**Information shown:**
"""
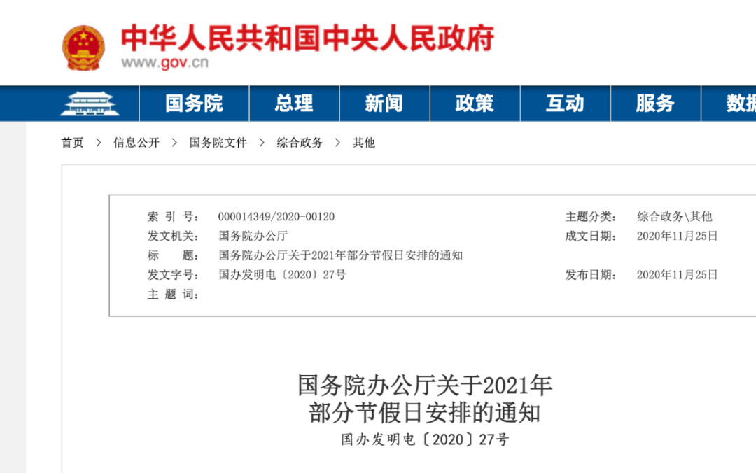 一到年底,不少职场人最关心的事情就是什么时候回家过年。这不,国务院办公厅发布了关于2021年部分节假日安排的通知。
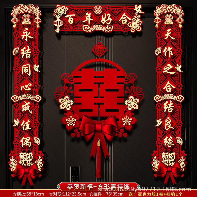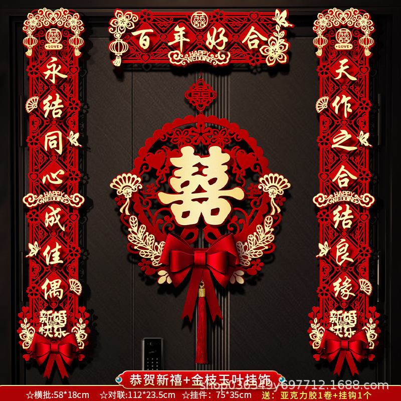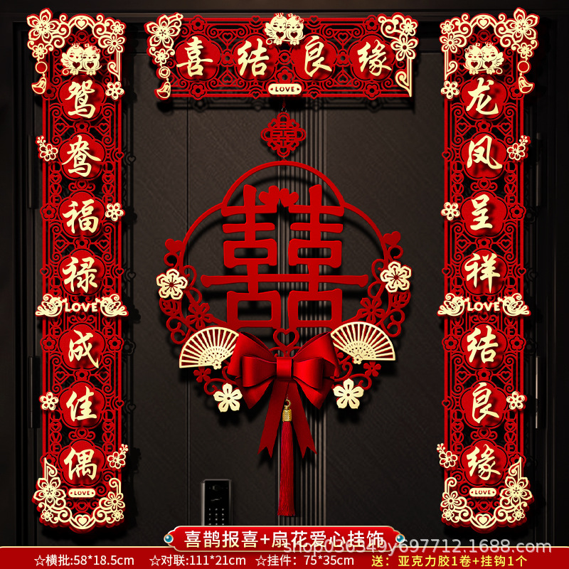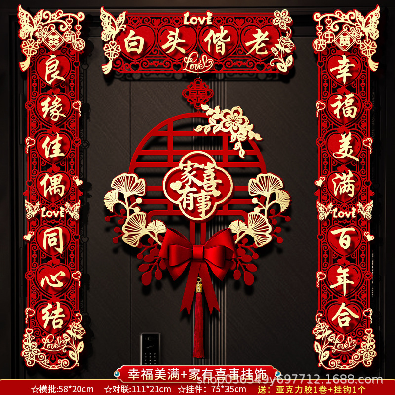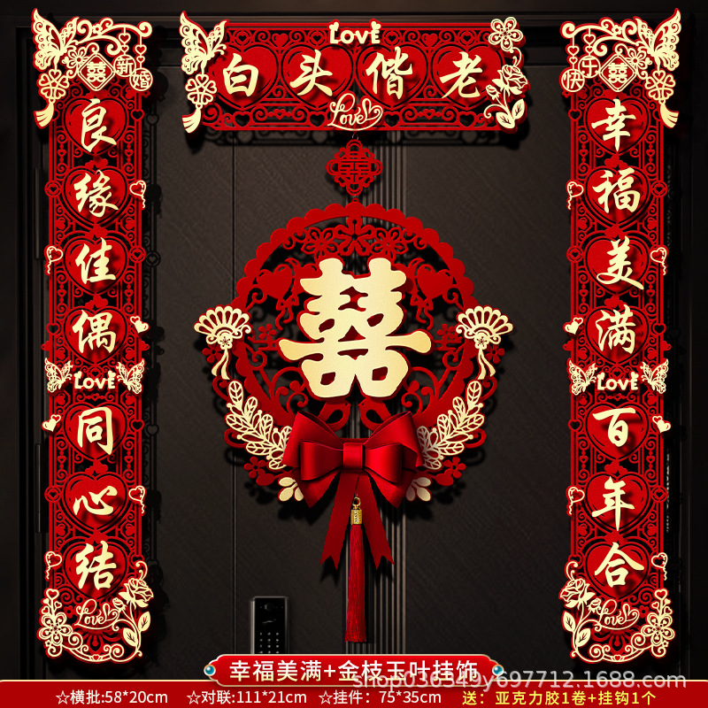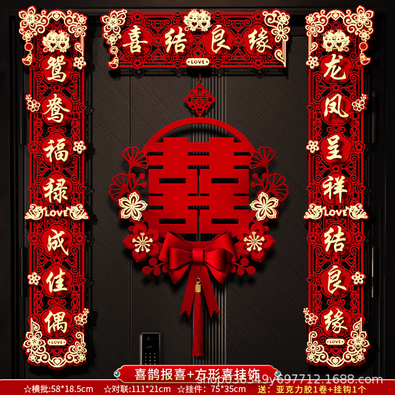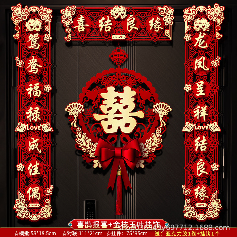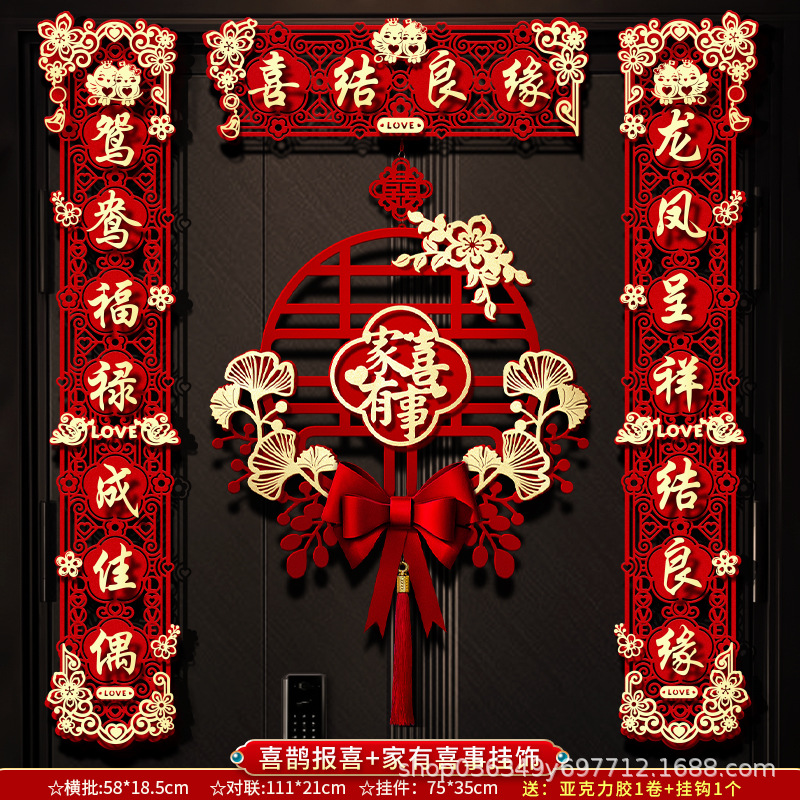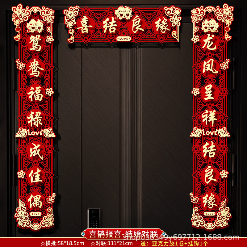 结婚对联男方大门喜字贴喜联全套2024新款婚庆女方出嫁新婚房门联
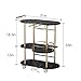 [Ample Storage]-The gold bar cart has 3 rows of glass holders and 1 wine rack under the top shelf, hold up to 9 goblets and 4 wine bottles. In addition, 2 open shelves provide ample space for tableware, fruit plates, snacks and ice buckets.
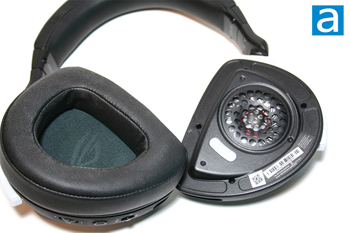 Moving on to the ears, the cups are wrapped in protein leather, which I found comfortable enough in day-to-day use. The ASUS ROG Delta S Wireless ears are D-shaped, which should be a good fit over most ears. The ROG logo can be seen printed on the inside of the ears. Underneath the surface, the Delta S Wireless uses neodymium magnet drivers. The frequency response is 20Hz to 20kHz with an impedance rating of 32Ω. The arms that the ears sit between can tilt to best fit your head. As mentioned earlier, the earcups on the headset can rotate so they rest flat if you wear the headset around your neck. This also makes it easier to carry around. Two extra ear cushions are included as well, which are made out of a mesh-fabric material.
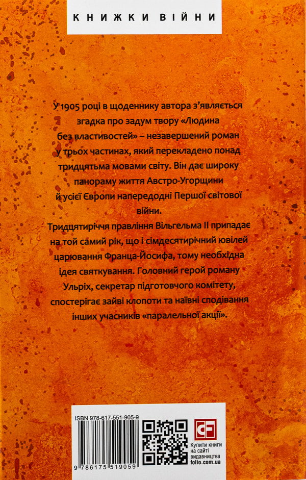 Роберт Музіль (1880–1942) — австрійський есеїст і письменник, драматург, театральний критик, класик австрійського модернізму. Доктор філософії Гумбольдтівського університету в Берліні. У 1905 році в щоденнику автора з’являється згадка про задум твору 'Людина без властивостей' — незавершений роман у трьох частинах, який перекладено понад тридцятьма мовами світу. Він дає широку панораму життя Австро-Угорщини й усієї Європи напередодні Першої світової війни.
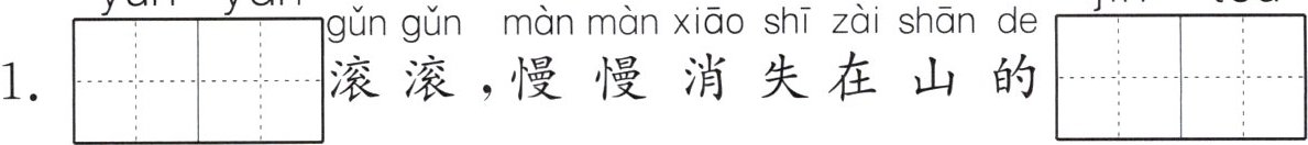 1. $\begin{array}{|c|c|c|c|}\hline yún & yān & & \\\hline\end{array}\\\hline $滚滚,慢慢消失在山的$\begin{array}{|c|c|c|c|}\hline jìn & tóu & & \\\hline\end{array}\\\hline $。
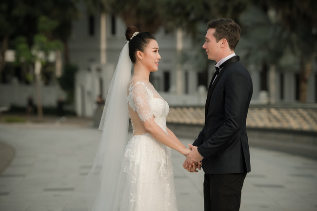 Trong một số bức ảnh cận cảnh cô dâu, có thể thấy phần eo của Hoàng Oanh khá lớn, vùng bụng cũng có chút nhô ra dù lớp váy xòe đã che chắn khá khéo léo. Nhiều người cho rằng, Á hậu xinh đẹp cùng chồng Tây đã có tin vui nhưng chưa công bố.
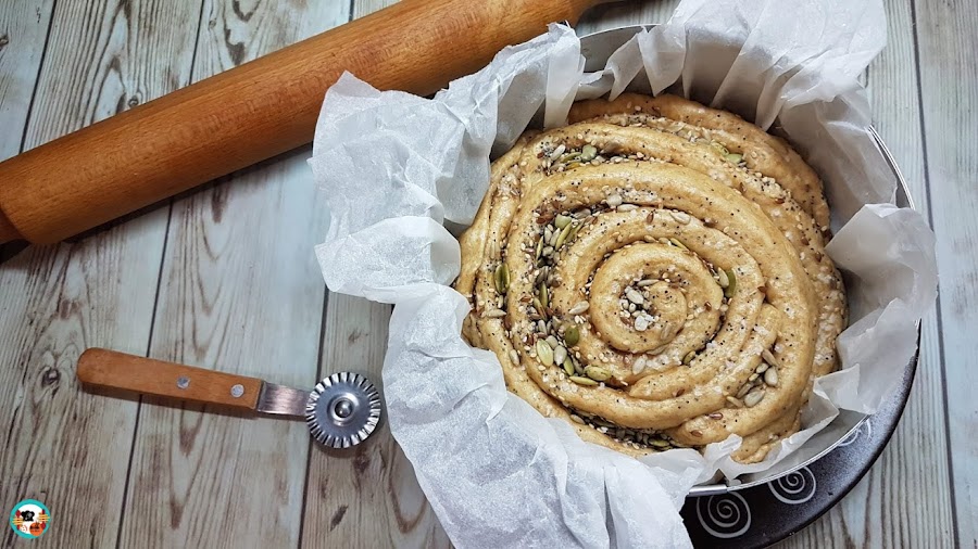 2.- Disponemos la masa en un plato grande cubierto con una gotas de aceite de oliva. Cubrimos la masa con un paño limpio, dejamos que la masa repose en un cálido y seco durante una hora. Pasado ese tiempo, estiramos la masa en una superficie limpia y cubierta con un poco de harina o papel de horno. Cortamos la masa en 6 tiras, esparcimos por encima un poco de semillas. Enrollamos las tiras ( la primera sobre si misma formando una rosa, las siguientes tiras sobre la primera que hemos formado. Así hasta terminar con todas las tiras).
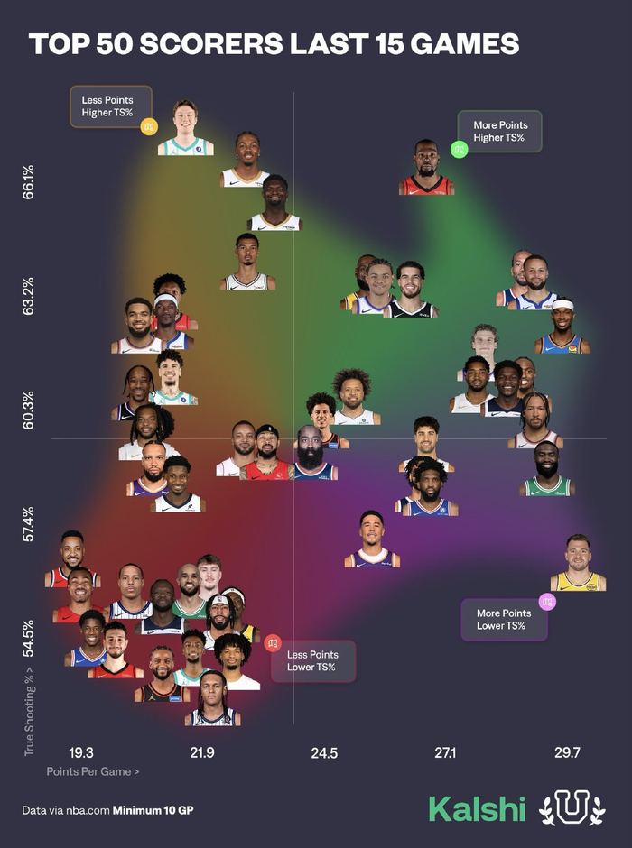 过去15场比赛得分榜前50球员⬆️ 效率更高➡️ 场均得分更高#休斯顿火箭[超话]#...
"""
**What to do:**
To complete this exercise, repeat exactly the lines above from the one holding "2.- Disponemos la" to the end of the listing, both included, and leave the pictures out.

**Response to this task:**
 2.- Disponemos la masa en un plato grande cubierto con una gotas de aceite de oliva. Cubrimos la masa con un paño limpio, dejamos que la masa repose en un cálido y seco durante una hora. Pasado ese tiempo, estiramos la masa en una superficie limpia y cubierta con un poco de harina o papel de horno. Cortamos la masa en 6 tiras, esparcimos por encima un poco de semillas. Enrollamos las tiras ( la primera sobre si misma formando una rosa, las siguientes tiras sobre la primera que hemos formado. Así hasta terminar con todas las tiras).
 过去15场比赛得分榜前50球员⬆️ 效率更高➡️ 场均得分更高#休斯顿火箭[超话]#...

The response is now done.